Europe 1 with AFP 9:20 p.m., April 5, 2022

Golf superstar Tiger Woods will make his grand return to the Augusta Masters, land of his greatest exploits where he even thinks he can win a sixth time, more than a year after a serious road accident.

"If things stay as they are, I'm going to play," the 46-year-old American told reporters on Tuesday.

Unbreakable: 13 months after the accident which almost cost him his right leg, Tiger Woods, except for last minute setbacks, will make his comeback at the Augusta Masters, land of his greatest exploits where he even thinks he can win a sixth time.

"If things stay as they are, I'm going to play," the 46-year-old American told reporters on Tuesday.

He plans to test himself one last time on Wednesday, the day before the tournament begins.

"It's about knowing how my body will recover from this effort and what it is able to do the next day," said the winner of 15 Majors, some of which gleaned by overcoming severe pain.

A return more than a year after a road accident

How many times have we thought he was lost for golf?

Each time he got up.

Everything from ruptured cruciate ligaments and an Achilles tendon, injuries to the neck and cervical vertebrae after a first car accident also revealing soul ailments, from alcohol and drugs, from five back operations, some very risky.

And so, now, from this terrible road trip that occurred on February 23, 2021 near Los Angeles, which he considered himself lucky to have survived.

He narrowly avoided amputation, for multiple open fractures in his right leg that required inserting a metal rod into his tibia, and screws to shore up the bones in his foot and ankle.

“Coming back to play here seemed unlikely to me”

Woods was hospitalized for weeks and unable to walk for months.

"It was a difficult path.

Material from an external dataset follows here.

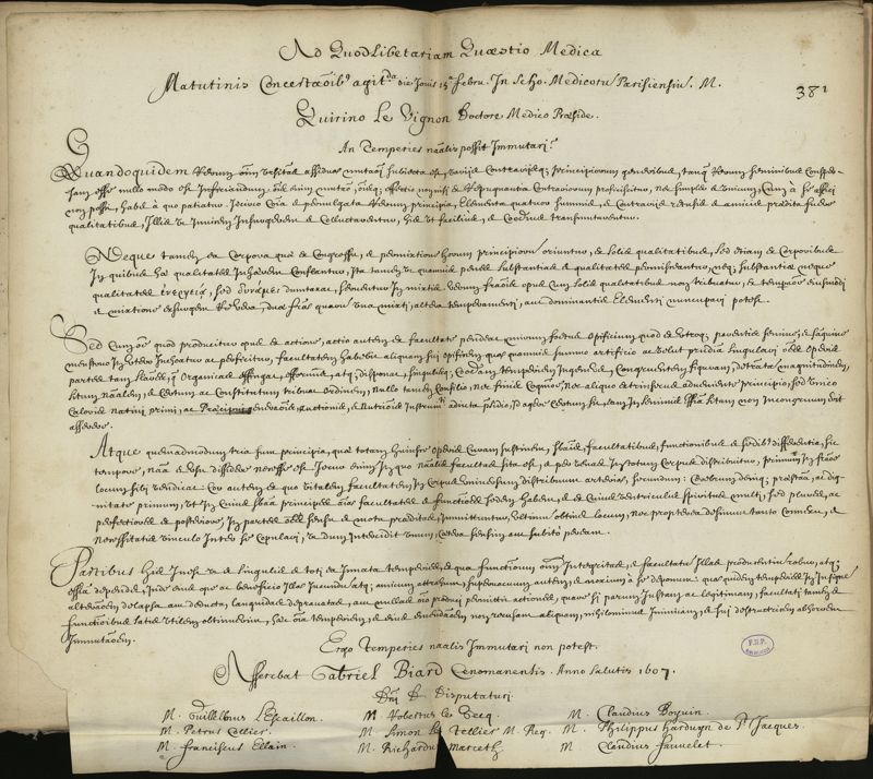 Thèse de médecine quodlibétaire manuscrite et imprimée,

To come back to play here seemed very unlikely to me at the time," he said.

While the world of golf wondered if he was going to be able to even walk normally again, Woods had still expressed the desire to get up to return to golf.

But at 46, his body bruised by so many shocks, wasn't he kidding himself?

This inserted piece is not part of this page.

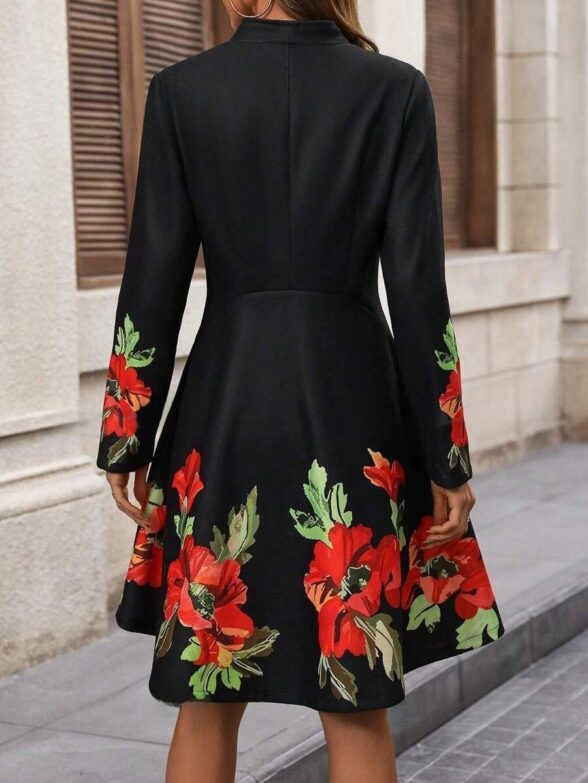 Palton Scurt Sofia Negru cu Print Floral Rosu ( fara captuseala )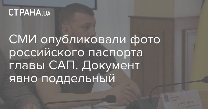 Об этом сообщают российские СМИ, публикуя, как они утверждают, фото поддельного паспорта РФ на имя Александра Васильевича Клименко, родившегося 17 сентября 1986 года. Это данные главы Специализированной антикоррупционной прокуратуры Украины. Также в паспорте вклеено его фото.

It would obviously be misunderstanding the man, the champion, the survivor, to imagine him giving up.

But his first public appearances, with a cane and then orthopedic tights, did not bode well for such a prompt return.

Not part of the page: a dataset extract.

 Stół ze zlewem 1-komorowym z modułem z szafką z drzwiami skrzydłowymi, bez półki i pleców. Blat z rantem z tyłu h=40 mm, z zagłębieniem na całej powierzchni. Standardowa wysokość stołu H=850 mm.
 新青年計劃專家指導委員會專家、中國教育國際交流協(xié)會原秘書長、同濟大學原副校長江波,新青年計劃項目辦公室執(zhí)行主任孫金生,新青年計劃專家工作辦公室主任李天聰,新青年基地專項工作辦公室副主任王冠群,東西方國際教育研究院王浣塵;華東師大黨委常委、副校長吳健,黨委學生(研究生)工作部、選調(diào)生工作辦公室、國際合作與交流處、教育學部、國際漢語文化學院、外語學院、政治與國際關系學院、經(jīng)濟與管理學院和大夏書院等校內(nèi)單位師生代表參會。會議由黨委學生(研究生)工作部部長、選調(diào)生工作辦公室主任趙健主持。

No more than that of February at the Genesis Invitational, a tournament he sponsors, where witnesses noted his difficulty in raising and lowering his foot.

A reappearance that has the golf world in turmoil

It was his unexpected presence last week at Augusta - where he was crowned five times, the last in 2019 two years after an extremely delicate vertebral fusion - to test his physical condition on the legendary course, in particular accompanied by his son of 13-year-old Charlie, who brought the microcosm of golf to a boil.

Woods, automatically appearing on the list of participants as a former winner, had not had his name scratched from the 86th edition, maintaining a suspense that had become less and less great on Sunday, when he returned to Georgia for a second session.

The "Tiger" appeared smiling, fulfilled, comfortable with his swing, betraying no difficulty in walking, in a new pair of shoes adapted to his needs.

He had nevertheless warned that his decision to participate in the tournament would be taken at the last moment, Thursday.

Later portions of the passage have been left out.